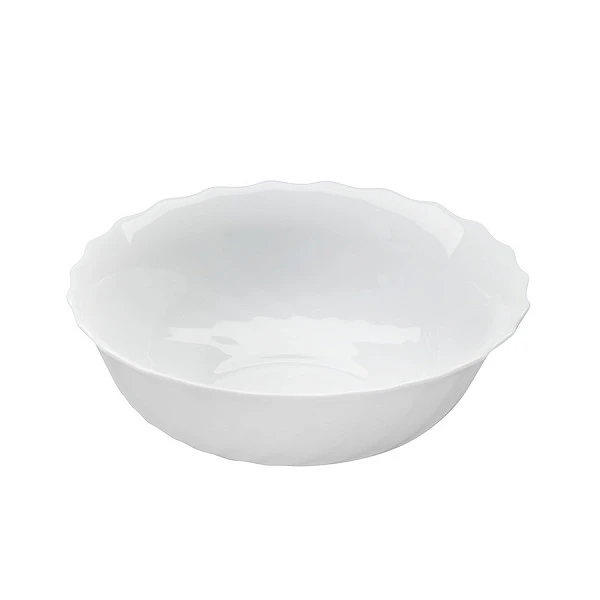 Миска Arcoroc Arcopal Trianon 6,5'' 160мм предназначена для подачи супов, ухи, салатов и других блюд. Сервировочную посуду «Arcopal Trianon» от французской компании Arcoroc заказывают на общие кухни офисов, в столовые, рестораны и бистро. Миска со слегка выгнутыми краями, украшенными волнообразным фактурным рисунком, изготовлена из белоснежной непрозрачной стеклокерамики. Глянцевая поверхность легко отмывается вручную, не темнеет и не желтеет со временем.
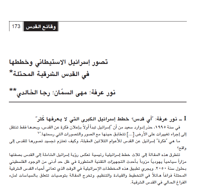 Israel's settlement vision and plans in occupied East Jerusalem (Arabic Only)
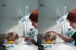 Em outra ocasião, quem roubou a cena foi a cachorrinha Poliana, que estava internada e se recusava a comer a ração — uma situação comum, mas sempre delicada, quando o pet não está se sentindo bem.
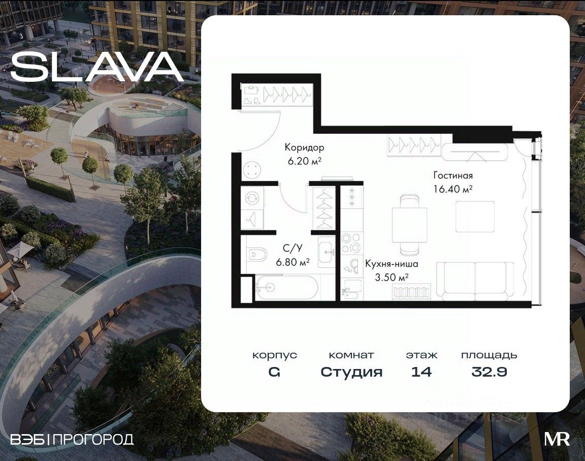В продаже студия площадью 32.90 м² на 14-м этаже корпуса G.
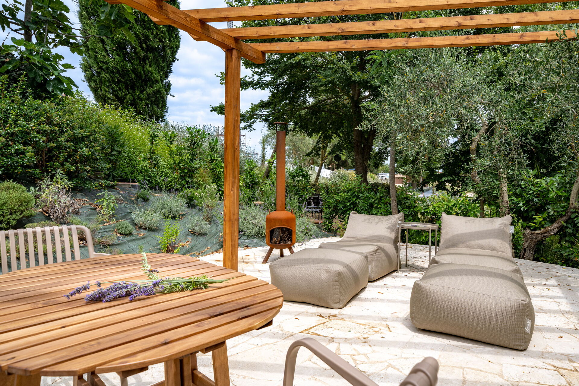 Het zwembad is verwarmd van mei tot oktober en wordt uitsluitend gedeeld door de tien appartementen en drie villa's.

════

- EXERCISE OBJECTIVE:
What you return should be only the exact lines from the top of the entries through the line with "В продаже студия", minus the pictures.

- EXERCISE RESPONSE:
 Миска Arcoroc Arcopal Trianon 6,5'' 160мм предназначена для подачи супов, ухи, салатов и других блюд. Сервировочную посуду «Arcopal Trianon» от французской компании Arcoroc заказывают на общие кухни офисов, в столовые, рестораны и бистро. Миска со слегка выгнутыми краями, украшенными волнообразным фактурным рисунком, изготовлена из белоснежной непрозрачной стеклокерамики. Глянцевая поверхность легко отмывается вручную, не темнеет и не желтеет со временем.
 Israel's settlement vision and plans in occupied East Jerusalem (Arabic Only)
 Em outra ocasião, quem roubou a cena foi a cachorrinha Poliana, que estava internada e se recusava a comer a ração — uma situação comum, mas sempre delicada, quando o pet não está se sentindo bem.
В продаже студия площадью 32.90 м² на 14-м этаже корпуса G.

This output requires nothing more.